I may try to reply more at the object level later.
Yeah, I actually tried them, but didn’t personally like them that well. They could definitely be an option for someone.
(Another possibility is that you think that building AI the way we do now is so incredibly doomed that even though the story outlined above is unlikely, you see no other path by which to reduce x-risk, which I suppose might be implied by your other comment here.)
This seems like the closest fit, but my view has some commonalities with points 1-3 nonetheless.
(I agree with 1, somewhat agree with 2, and don’t agree with 3).
It sounds like our potential cruxes are closer to point 3 and to the question of how doomed current approaches are. Given that, do you still think rationality realism seems super relevant (to your attempted steelman of my view)?
My current best argument for this position is realism about rationality; in this world, it seems like truly understanding rationality would enable a whole host of both capability and safety improvements in AI systems, potentially directly leading to a design for AGI (which would also explain the info hazards policy).
I guess my position is something like this. I think it may be quite possible to make capabilities “blindly”—basically the processing-power heavy type of AI progress (applying enough tricks so you’re not literally recapitulating evolution, but you’re sorta in that direction on a spectrum). Or possibly that approach will hit a wall at some point. But in either case, better understanding would be essentially necessary for aligning systems with high confidence. But that same knowledge could potentially accelerate capabilities progress.
So I believe in some kind of knowledge to be had (ie, point #1).
Yeah, so, taking stock of the discussion again, it seems like:
There’s a thing-I-believe-which-is-kind-of-like-rationality-realism.
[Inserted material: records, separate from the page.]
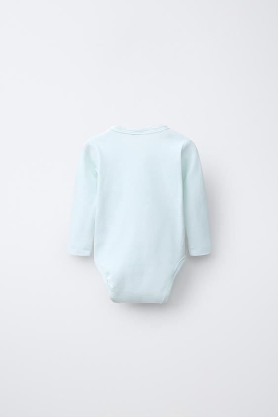 ZARA НАБОР ИЗ ТРЕХ БОДИ В РУБЧИК С ВЫРЕЗОМ КИМОНО, ЦВЕТ МОРСКОЙ ВОЛНЫ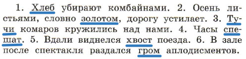 1. Хлеб убирают комбайнами. 2. Осень листьями, словно золотом, дорогу устилает. 3.Тучи комаров кружились над нами. 4. Часы спешат. 5. Вдали виднелся хвост поезда. 6. В зале после спектакля раздался гром аплодисментов.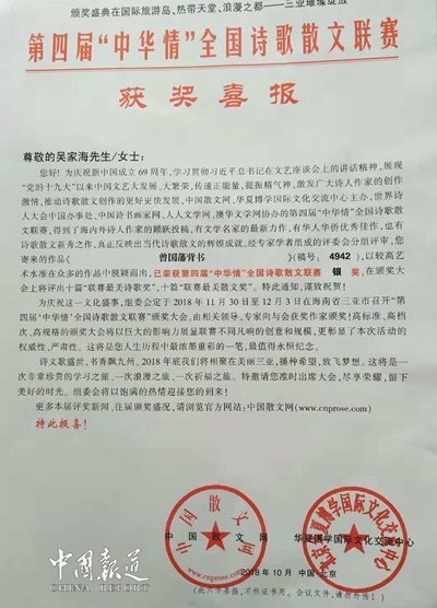 在近八千位参赛者中,大多为各级作协、诗词协会会员,有很多资深的作家、散文家、诗人等,高手云集。吴家海为业余作者,没有任何名头,连县级作协会员都不是,能获此名次实属不易。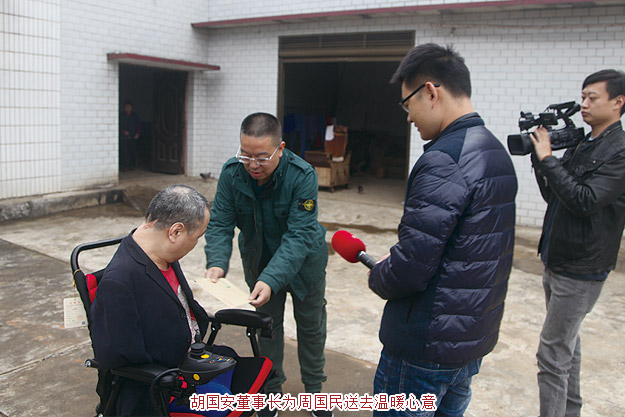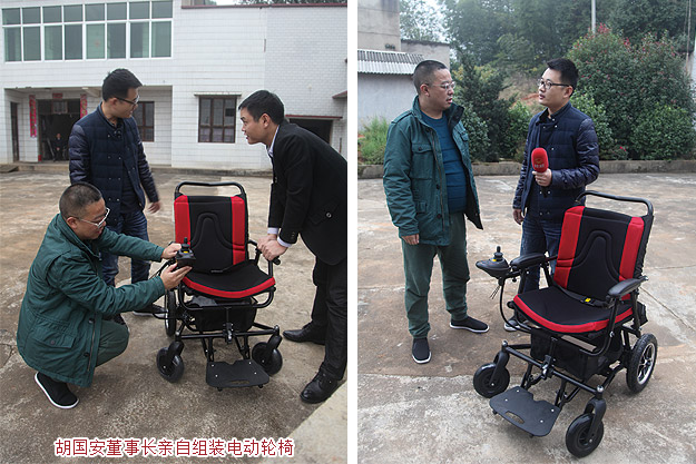 被周國(guó)民樂(lè)觀自強(qiáng)的精神所感動(dòng),綠之韻公益基金會(huì)攜手湖南經(jīng)視《鐘山說(shuō)事》欄目讓夢(mèng)想照進(jìn)現(xiàn)實(shí),幫周國(guó)民購(gòu)置了嶄新的電動(dòng)輪椅,圓了他的自由行動(dòng)夢(mèng)。綠之韻集團(tuán)胡國(guó)安董事長(zhǎng)親自將輪椅組裝好,并耐心指導(dǎo)使用。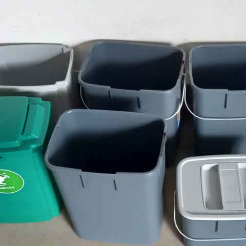 Beholdere for kildesortering under kjøkkenbenken.
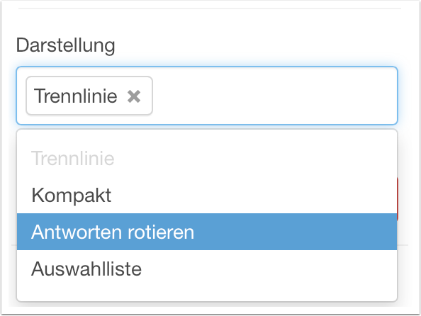 | 4 | Darstellung | Eine Sammlung von Einstellungen, die die Darstellung der Frage beeinflussen können: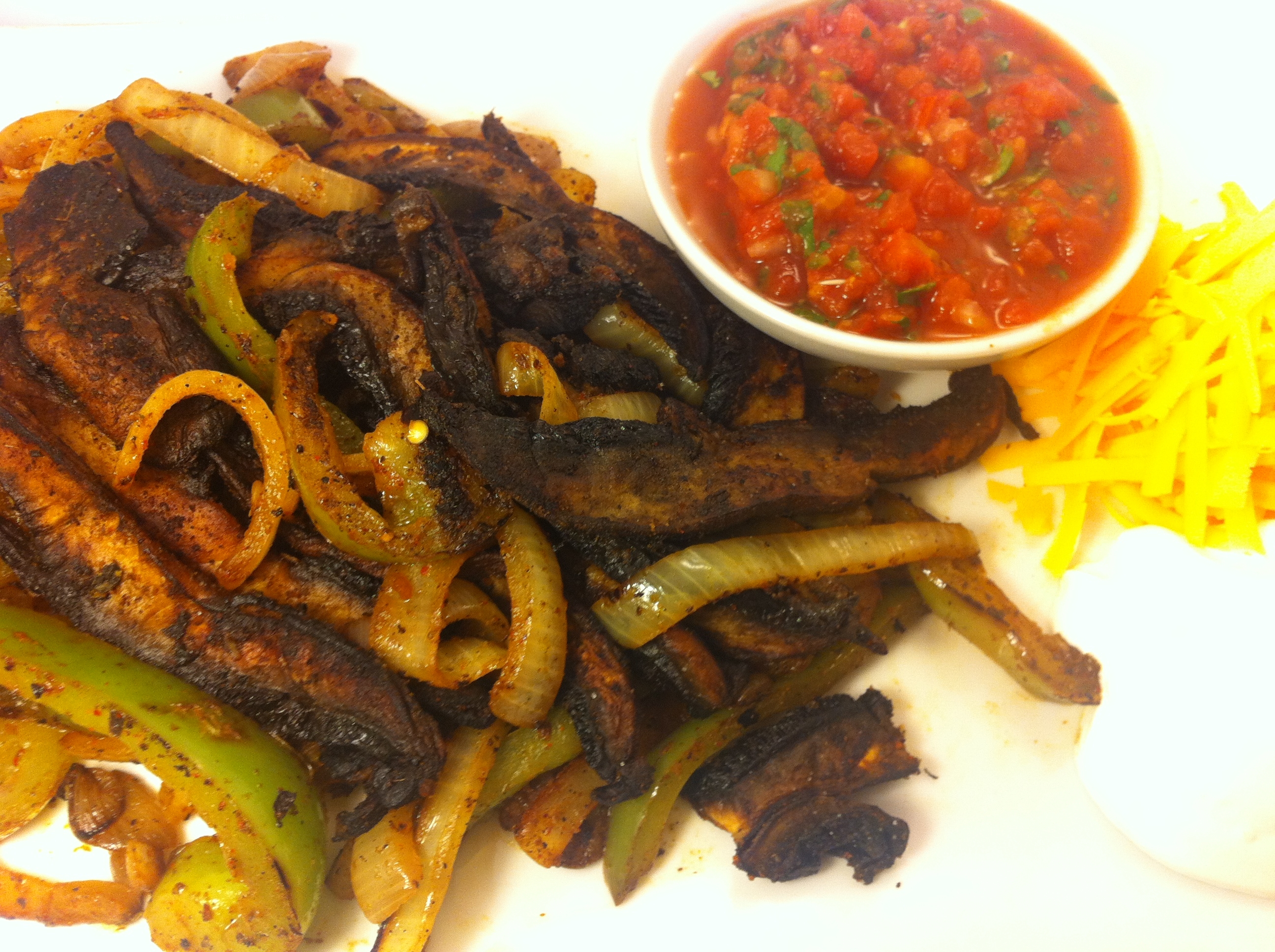 - Add portobello mushrooms, onion and peppers, a little cheese, tomato salsa, and sour cream.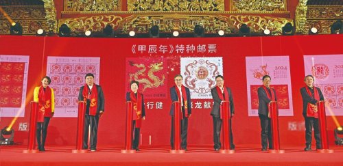 天龍行健,辰龍獻瑞。1月5日,《甲辰年》特種郵票首發(fā)儀式在中國工藝美術(shù)館(中國非物質(zhì)文化遺產(chǎn)館)隆重舉行。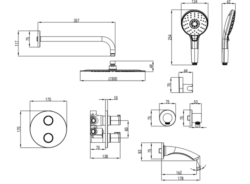 • Размер верхнего душа, см: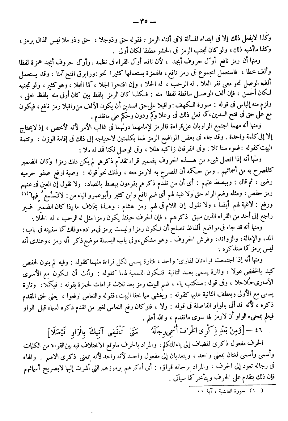 ومنها أنه إذا اجتمعت قراءتان لقارئ واحد فتارة يسمى لكل قراءة منهما كقوله: وفيه لم ينون لحفص كيد بالخفض عولا وتارة يسمى بعد الثانية فتكون التسمية لهما كقوله: وأنث ان تكون مع الأسرى الأسارى حلا حلا وفي قوله: سنكتب ياء ضم البيت رمز بعد ثلاث قراءات لحمزة بقوله فيكملا وتارة يسمى مع الأولى ويعطف الثانية عليها كقوله: ويغشى سما خفا البيت فقوله والنعاس ارفعوا يعني لحق المقدم ذكره؛ لأنه قد أتى بالواو الفاصلة في قوله: ولا فلو كان رفع النعاس لغير من تقدم ذكره لسماه قبل الواو فيعلم بمحئ الواو أن لا رمز لها سوى ما تقدم والله أعلم.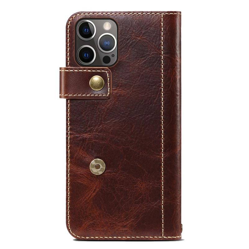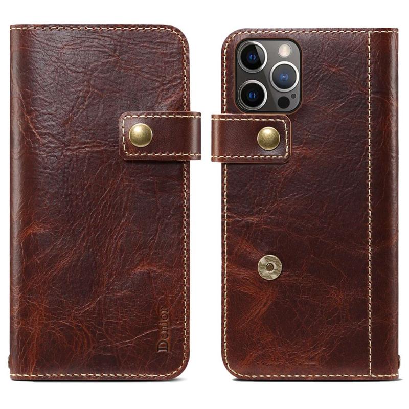 Denior Vintage Series iPhone 14 Pro Wallet Leather Case - Brown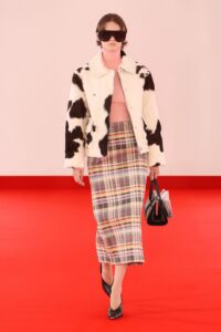 La inspiración principal es Texas, el estado natal de Maxwell. Esto se tradujo en una reinterpretación de elementos clásicos del sur, como los estampados de cuadros, las flores, el icónico estampado de vaca y los flecos. Sin embargo, estas piezas no se quedaron en lo rural; fueron elevadas con la sofisticación de la gran ciudad, incorporando denim de alta costura, sastrería impecable y destellos de lentejuelas. El punto culminante del desfile fue el debut de sus bolsos, un hito que marca la expansión de su universo creativo más allá de las prendas de vestir.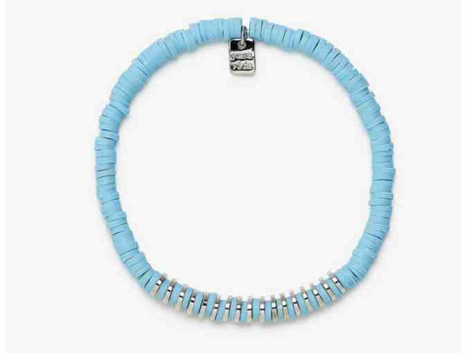 A bracelet that encompasses brilliant balance with multi-faceted style applications. The durable center cord connects a clever pattern of beachy heishi beads.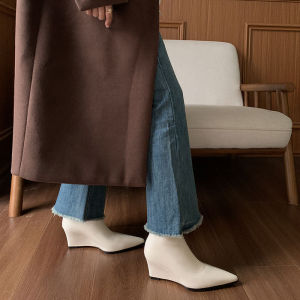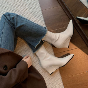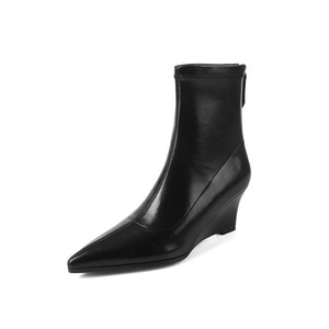 坡跟短靴女瘦瘦靴子秋冬新款皮革尖头后拉链高跟靴女弹力短靴女靴

Points 1 and 2 together seem more in line with that thing than “rationality realism” as I understood it from the OP.
You already believe #1, and somewhat believe #2.
We are both pessimistic about #3, but I’m so pessimistic about doing things without #3 that I work under the assumption anyway (plus I think my comparative advantage is contributing to those worlds).
We probably do have some disagreement about something like “how real is rationality?”—but I continue to strongly suspect it isn’t that cruxy.
(ETA: In my head I was replacing “evolution” with “reproductive fitness”; I don’t agree with the sentence as phrased, I would agree with it if you talked only about understanding reproductive fitness, rather than also including e.g. the theory of natural selection, genetics, etc. In the rest of your comment you were talking about reproductive fitness, I don’t know why you suddenly switched to evolution; it seems completely different from everything you were talking about before.)
I checked whether I thought the analogy was right with “reproductive fitness” and decided that evolution was a better analogy for this specific point. In claiming that rationality is as real as reproductive fitness, I’m claiming that there’s a theory of evolution out there.
Sorry it resulted in a confusing mixed metaphor overall.
But, separately, I don’t get how you’re seeing reproductive fitness and evolution as having radically different realness, such that you wanted to systematically correct. I agree they’re separate questions, but in fact I see the realness of reproductive fitness as largely a matter of the realness of evolution—without the overarching theory, reproductive fitness functions would be a kind of irrelevant abstraction and therefore less real.
To my knowledge, the theory of evolution (ETA: mathematical understanding of reproductive fitness) has not had nearly the same impact on our ability to make big things as (say) any theory of physics. The Rocket Alignment Problem explicitly makes an analogy to an invention that required a theory of gravitation / momentum etc. Even physics theories that talk about extreme situations can enable applications; e.g. GPS would not work without an understanding of relativity. In contrast, I struggle to name a way that evolution(ETA: insights based on reproductive fitness) affects an everyday person (ignoring irrelevant things like atheism-religion debates). There are lots of applications based on an understanding of DNA, but DNA is a “real” thing. (This would make me sympathetic to a claim that rationality research would give us useful intuitions that lead us to discover “real” things that would then be important, but I don’t think that’s the claim.)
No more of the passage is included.